# Stored data:
_ _ _ _

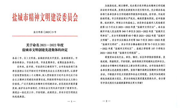 • 喜報(bào)!海興集團(tuán)榮獲“鹽城市文明單位”稱(chēng)號(hào)
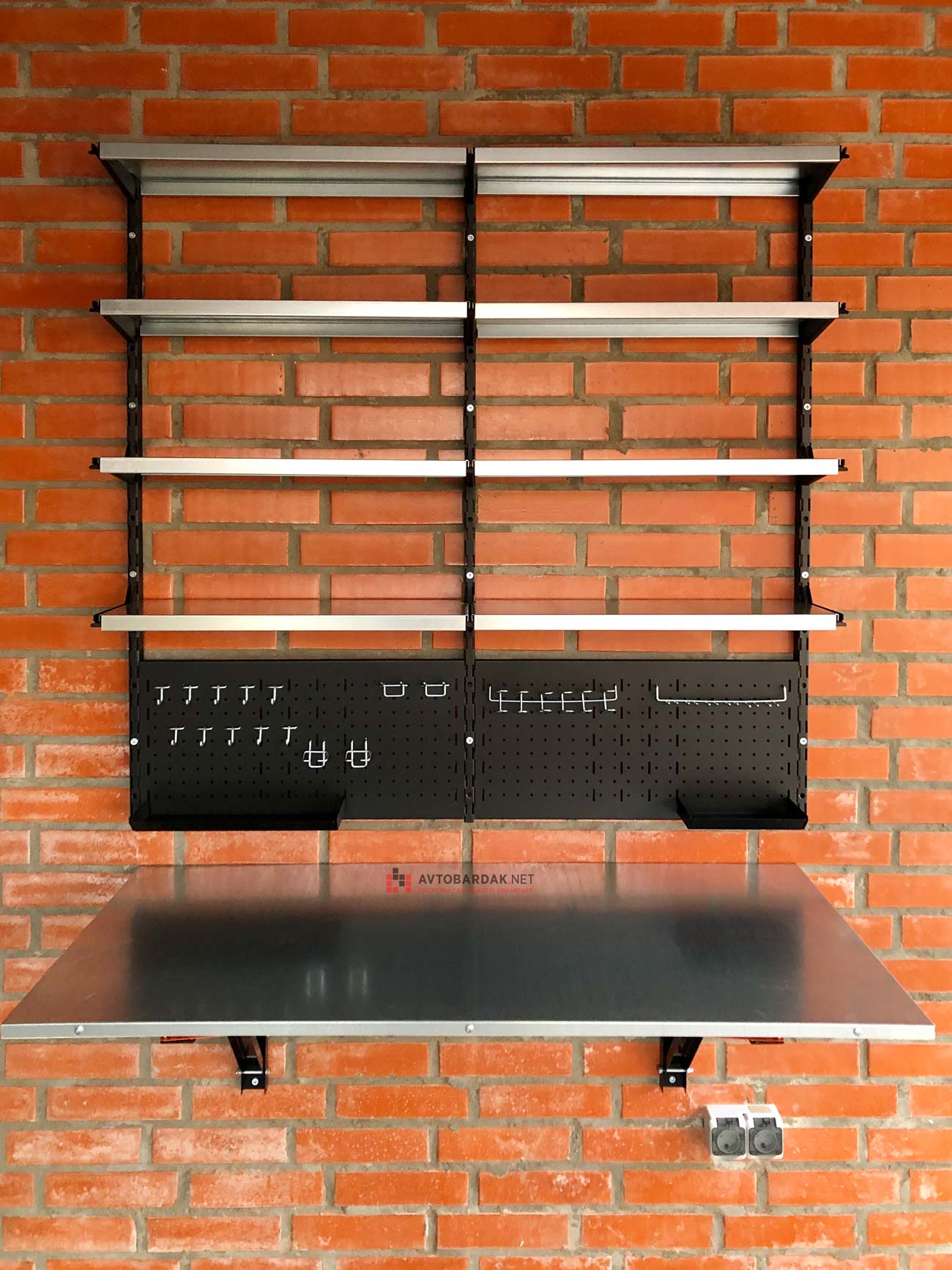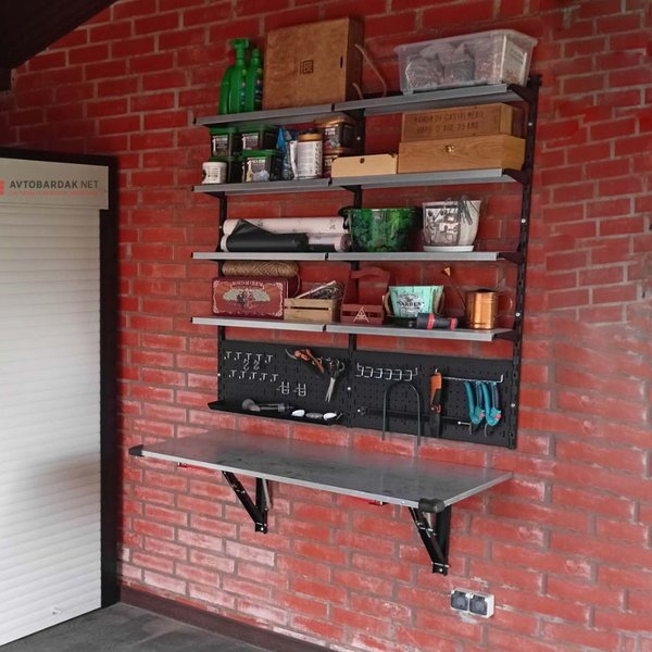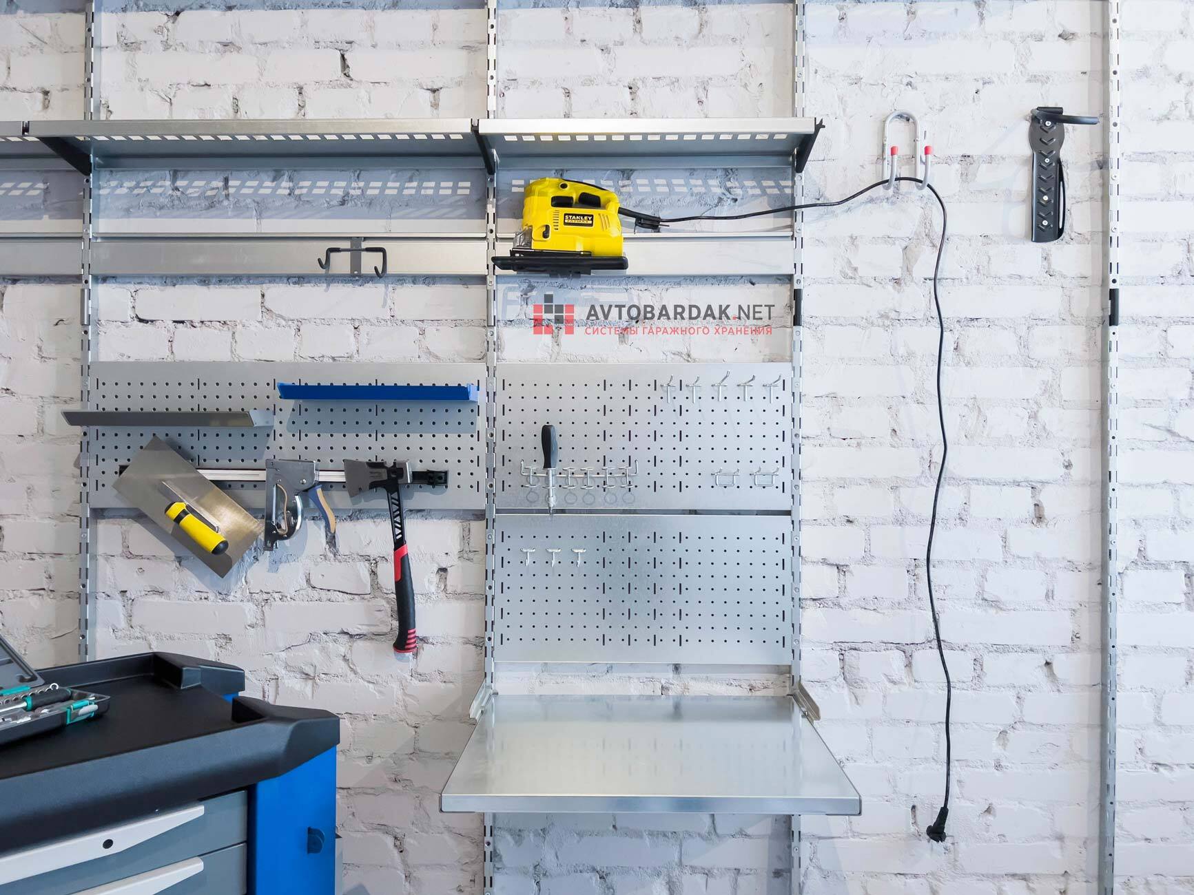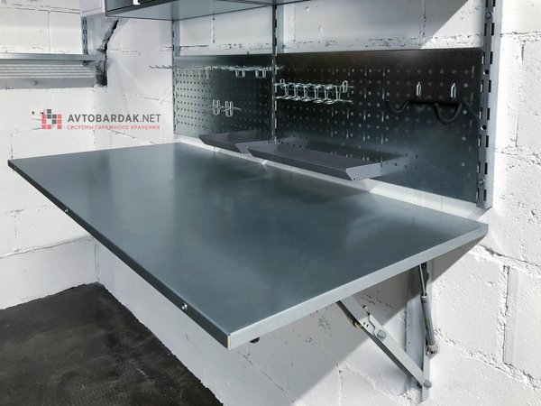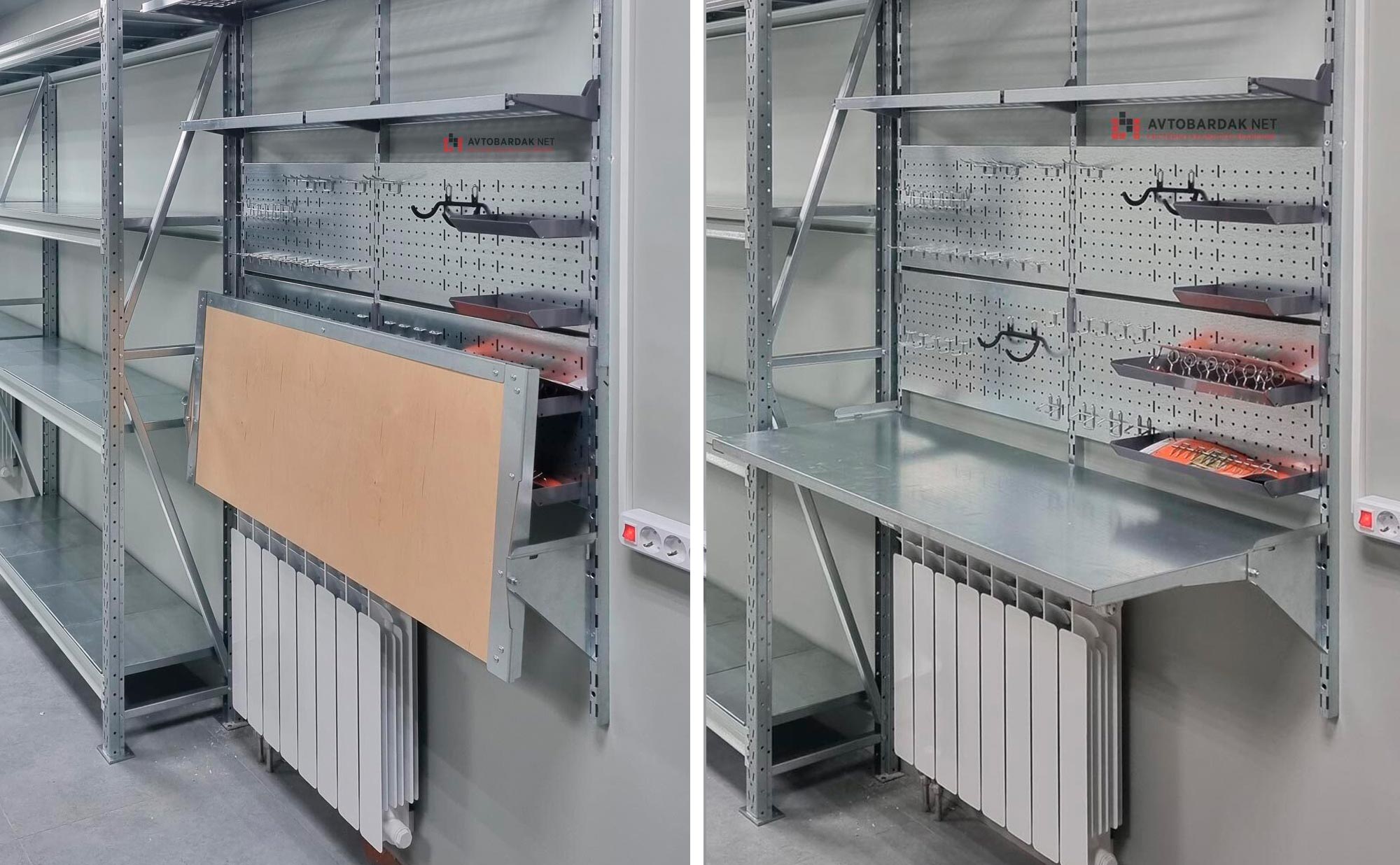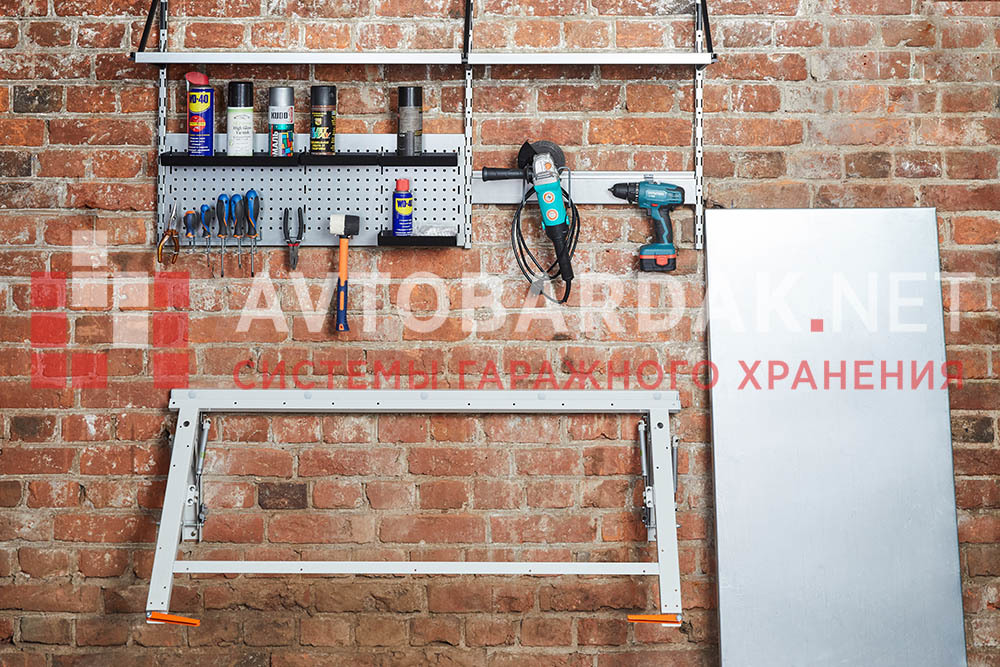 Пример обустройство гаража откидным столом, полками, перфопанелями для хранения инструментов
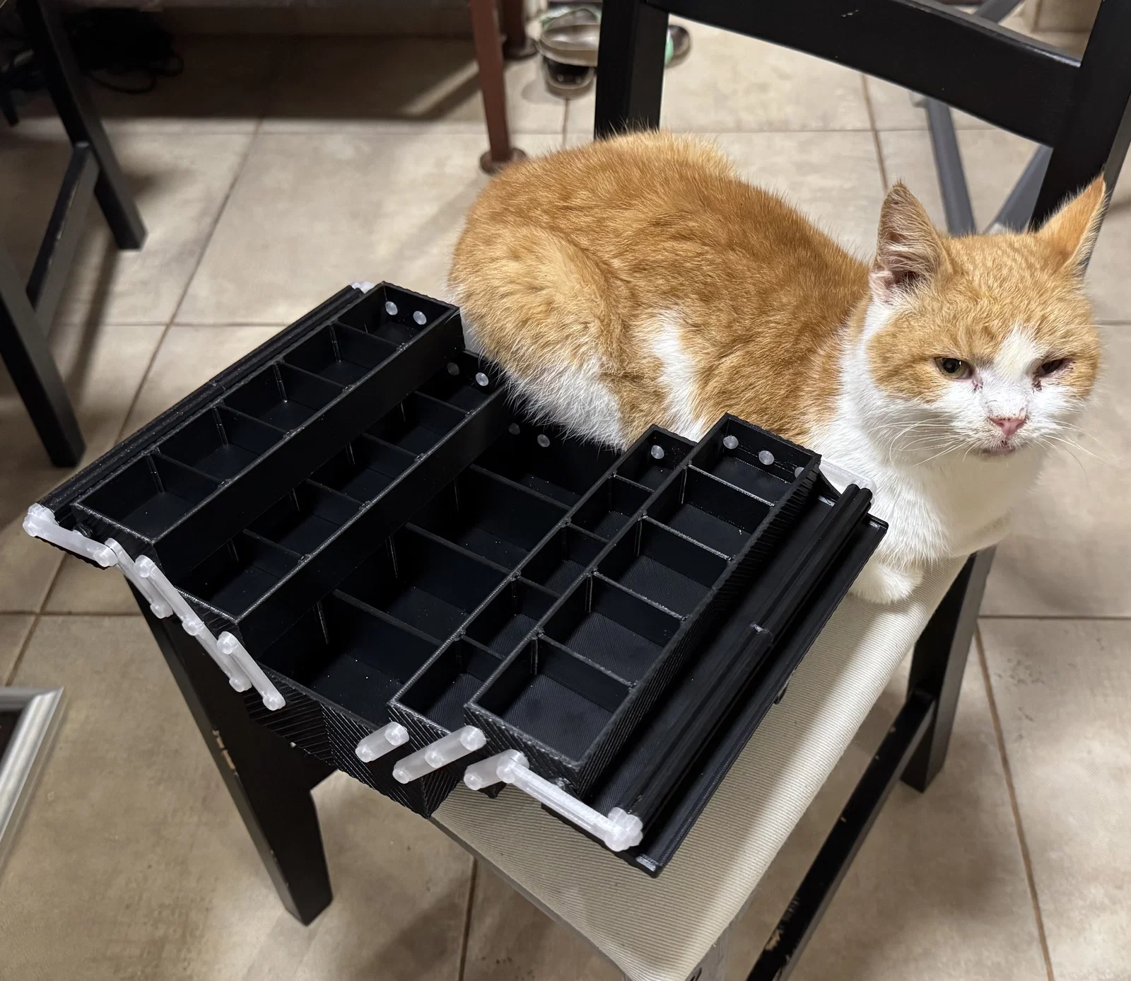 Việc lắp ráp hơi mất thời gian một chút nhưng bù lại khá thú vị. Mình đã test kỹ rồi. Một trong các hình ảnh có hiển thị loại keo cần dùng. Bạn nên dán cố định các chốt khóa lại. Các vách ngăn có thể cần phải gọt bavia một chút cho khớp. Mình khuyên bạn nên in các chốt nhựa bằng tốc độ chậm hơn và với độ dày lớp in (layer height) nhỏ để đảm bảo độ bền.
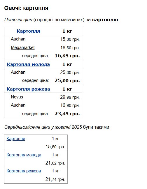 Картопля залишається одним із найпопулярніших овочів на українських столах. За даними моніторингу цін у різних торговельних мережах, поточні пропозиції суттєво відрізняються. У супермаркетах Auchan молода картопля коштує 25 гривень за кілограм, тоді як звичайна — від 15,30. У мережі Megamarket ціна становить 18,60 гривні, а в Novus рожева картопля пропонується за 29,99 гривні. Середня ціна в магазинах коливається від 16,95 до 25 гривень за кілограм залежно від сорту.
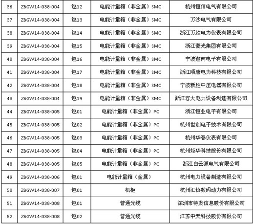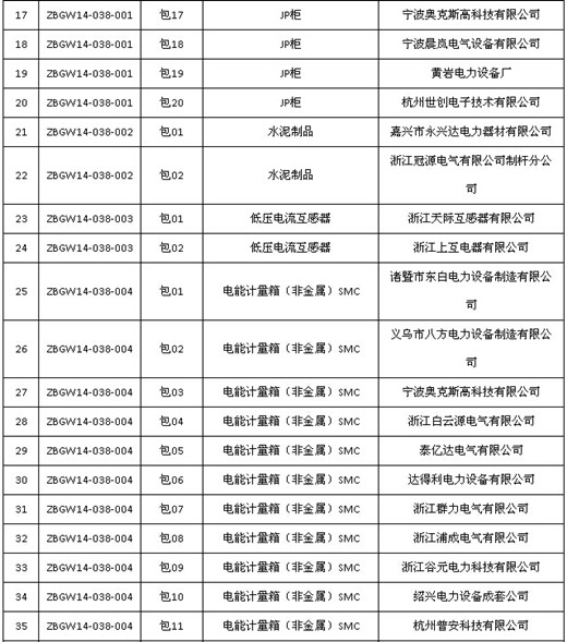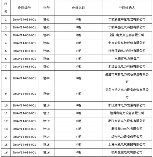 国网浙江电力公司2014年第三批物资类协议库存招标项目的评标工作已结束,经评标委员会评审,将招标结果公示如下:

_ _ _ _

# Problem statement:
From the line with "Картопля залишається одним" through the final line of the records above, return each line exactly and nothing else. Pictures are to be skipped.

# Solution to this task:
 Картопля залишається одним із найпопулярніших овочів на українських столах. За даними моніторингу цін у різних торговельних мережах, поточні пропозиції суттєво відрізняються. У супермаркетах Auchan молода картопля коштує 25 гривень за кілограм, тоді як звичайна — від 15,30. У мережі Megamarket ціна становить 18,60 гривні, а в Novus рожева картопля пропонується за 29,99 гривні. Середня ціна в магазинах коливається від 16,95 до 25 гривень за кілограм залежно від сорту.
 国网浙江电力公司2014年第三批物资类协议库存招标项目的评标工作已结束,经评标委员会评审,将招标结果公示如下:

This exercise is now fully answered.